Here I use a simple search to determine whether it's better to grow more trees, or to have more iterations per tree.

In [95]:
#note: this takes about 4 minutes to run
forest_grid = []
sim_index = 0
sim_results = pd.DataFrame(np.zeros((4,9)),columns=[
        'Iterations','Features','Trees','Runtime','accuracy','cmatrix_00','cmatrix_01','cmatrix_10','cmatrix_11'])
for i in range(4):
    forest = random_forest(range(40),40,i*20+20,0,5,1)
    forest_grid.append(forest)
    forest.train(train_data)
    sim_results.iloc[i,0] = forest.num_iter
    sim_results.iloc[i,1] = forest.num_features
    sim_results.iloc[i,2] = forest.num_trees
    sim_results.iloc[i,3] = forest.runtime
    c_matrix = forest.confusion(test_data)
    sim_results.iloc[i,4] = c_matrix.trace()
    sim_results.iloc[i,5] = c_matrix[0,0]
    sim_results.iloc[i,6] = c_matrix[0,1]
    sim_results.iloc[i,7] = c_matrix[1,0]
    sim_results.iloc[i,8] = c_matrix[1,1]

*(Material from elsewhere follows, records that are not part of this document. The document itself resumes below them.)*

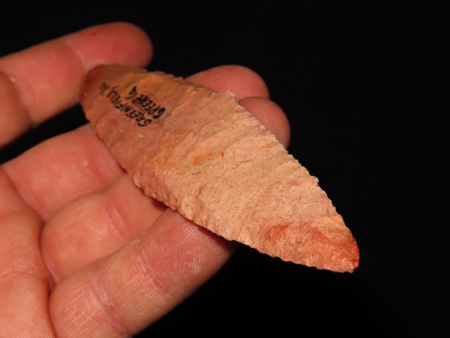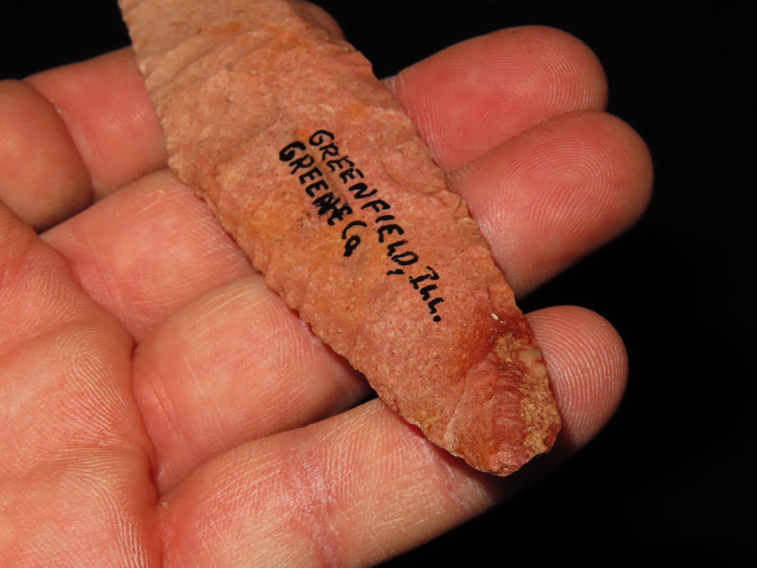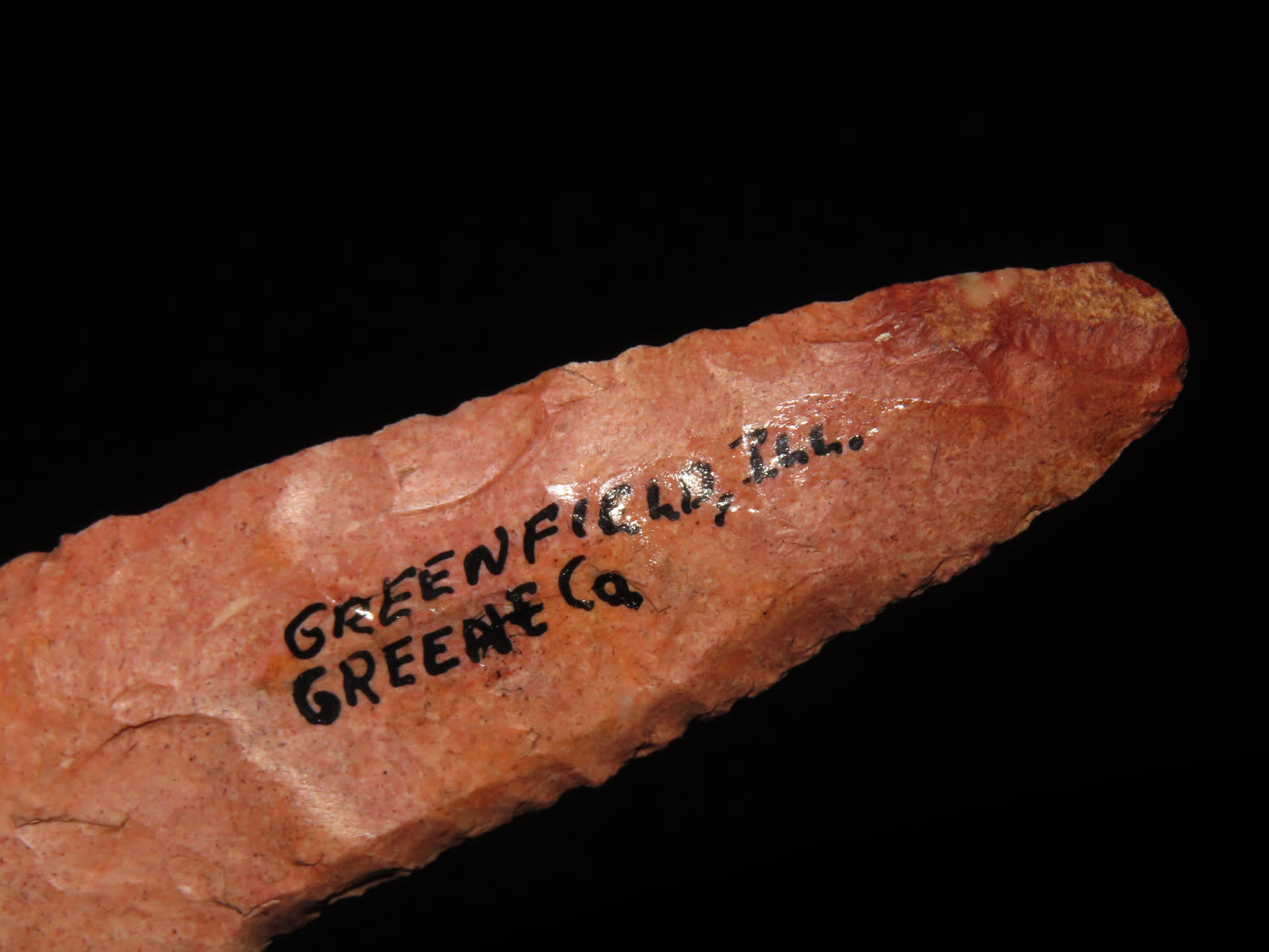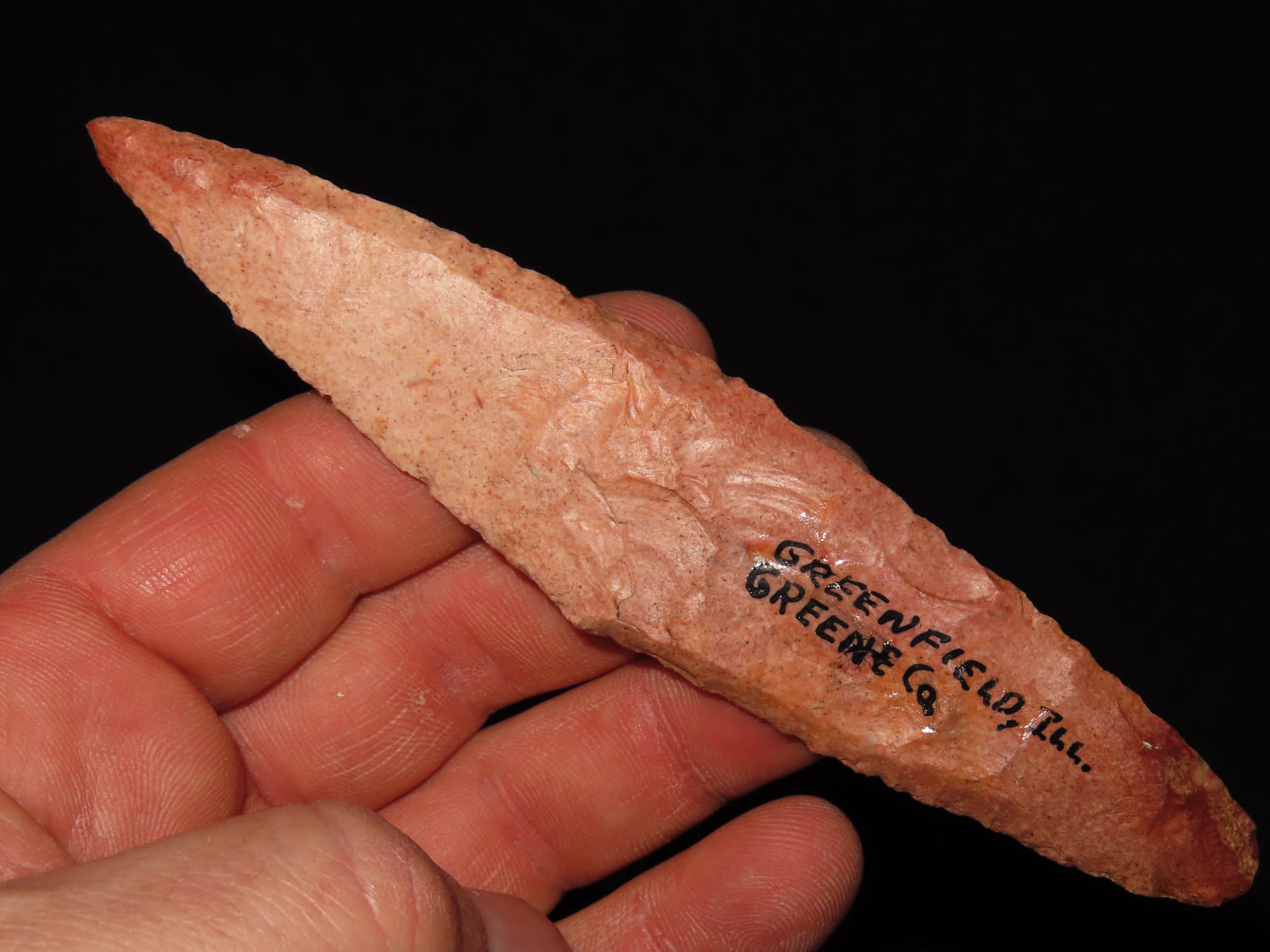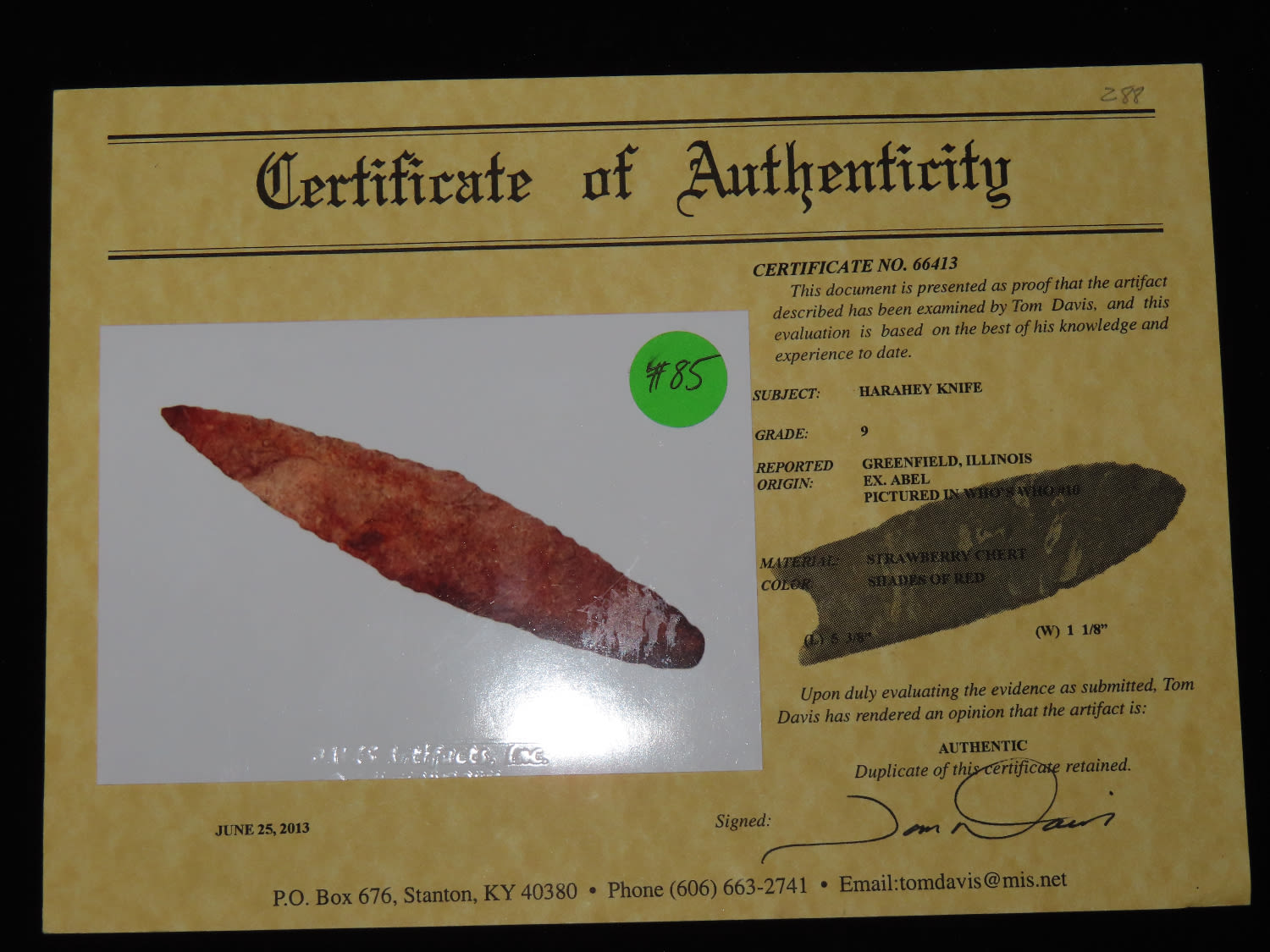 5 3/8″ COLORFUL 4-BEVEL HARAHEY KNIFE, TOM DAVIS COA, FOUND IN GREENFIELD ILLINOIS, EX FREDRICK ABEL, PICTURED IN WHOS WHO #10 ON PAGE 11
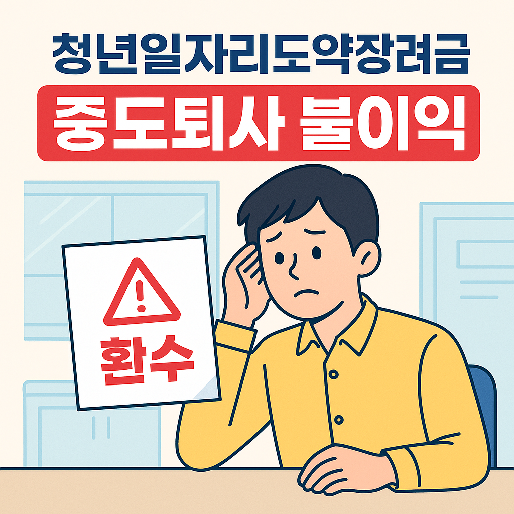 청년일자리도약장려금 수령 중 중도퇴사할 경우 어떤 불이익이 있을까요? 퇴사 시점에 따른 지원금 환수 여부, 기업과 청년 모두에게 미치는 영향까지 명확하게 정리해드립니다.
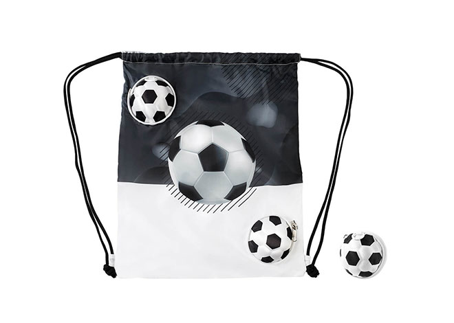Descripción: Practica, ligera y con cierre de jareta, esta mochila es perfecta para acompañarte a cualquier aventura. Su diseño se guarda por completo dentro de un estuche con cierre en forma de balón, lo que la convierte en un accesorio compacto y divertido. La figura de balón incluye un aro con gancho, que lo hace fácil de colgar o transportar. Ideal para llevar al entrenamiento, a la escuela o como regalo para amantes del futbol.
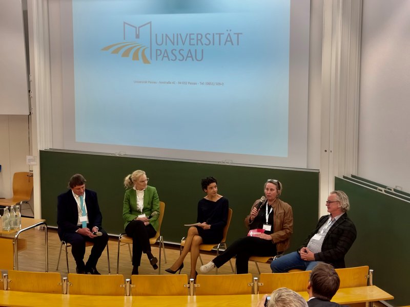 Foto 3: Hochschulpräsidentin Prof. Dr. Michaela Wirtz (Zweite v.r.) diskutiert gemeinsam mit Dr. Alexander Wisspeintner (MicroEpsilon Messtechnik GmbH & Co.KG), Dr. Jutta Krogull (Vereinigung der Bayerischen Wirtschaft e.V.), Moderatorin Katrina Jordan (Leiterin der Abteilung Kommunikation und Marketing an der Universität Passau) sowie Dr. Ulrich Cimolino (Selbstständiger Berater).
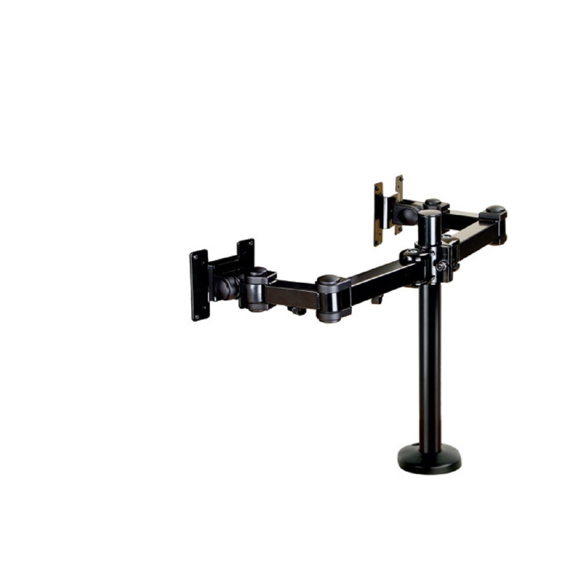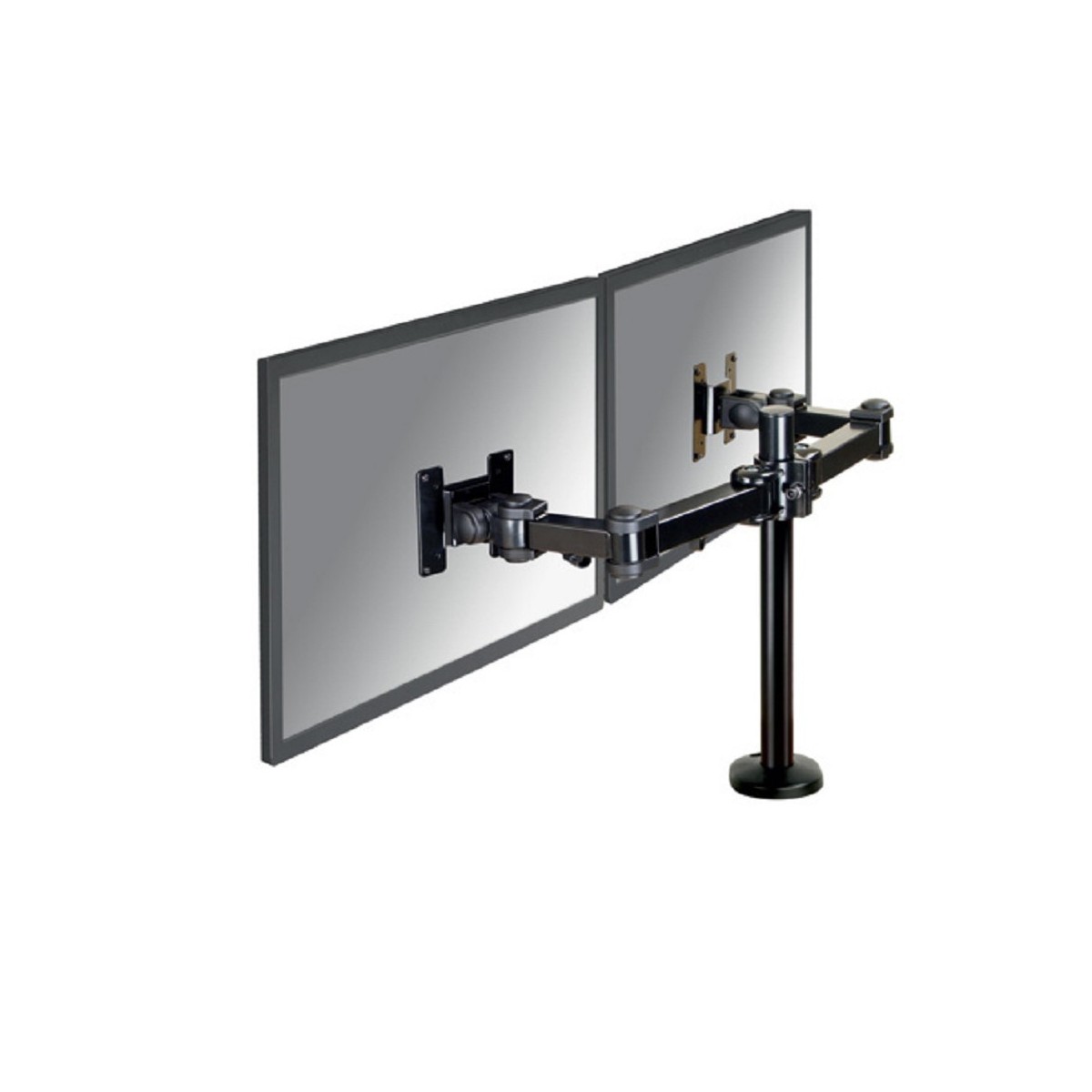 Questo braccio porta monitor NewStar, modello FPMA-D960DG consente di collegare due schermi LCD/LED/TFT su di una scrivania con la modalità di fissaggio su piano attraverso una vite centrale.

Forest planted in 1.01 minutes.  27 trees grown with 20 iterations and 5 features.
Forest planted in 1.06 minutes.  17 trees grown with 40 iterations and 5 features.
Forest planted in 1.03 minutes.  12 trees grown with 60 iterations and 5 features.
Forest planted in 1.04 minutes.  10 trees grown with 80 iterations and 5 features.


In [97]:
sim_results

Unnamed: 0,Iterations,Features,Trees,Runtime,accuracy,cmatrix_00,cmatrix_01,cmatrix_10,cmatrix_11
0,20.0,5.0,27.0,1.012335,0.76,0.06,0.14,0.1,0.7
1,40.0,5.0,17.0,1.058252,0.76,0.06,0.14,0.1,0.7
2,60.0,5.0,12.0,1.027268,0.84,0.08,0.12,0.04,0.76
3,80.0,5.0,10.0,1.041018,0.76,0.06,0.14,0.1,0.7


As you can see, the forest that performed best was the one that grew each tree with 60 iterations.  (Of course, this result should not be taken too seriously, given the very small test data set and short runtime.)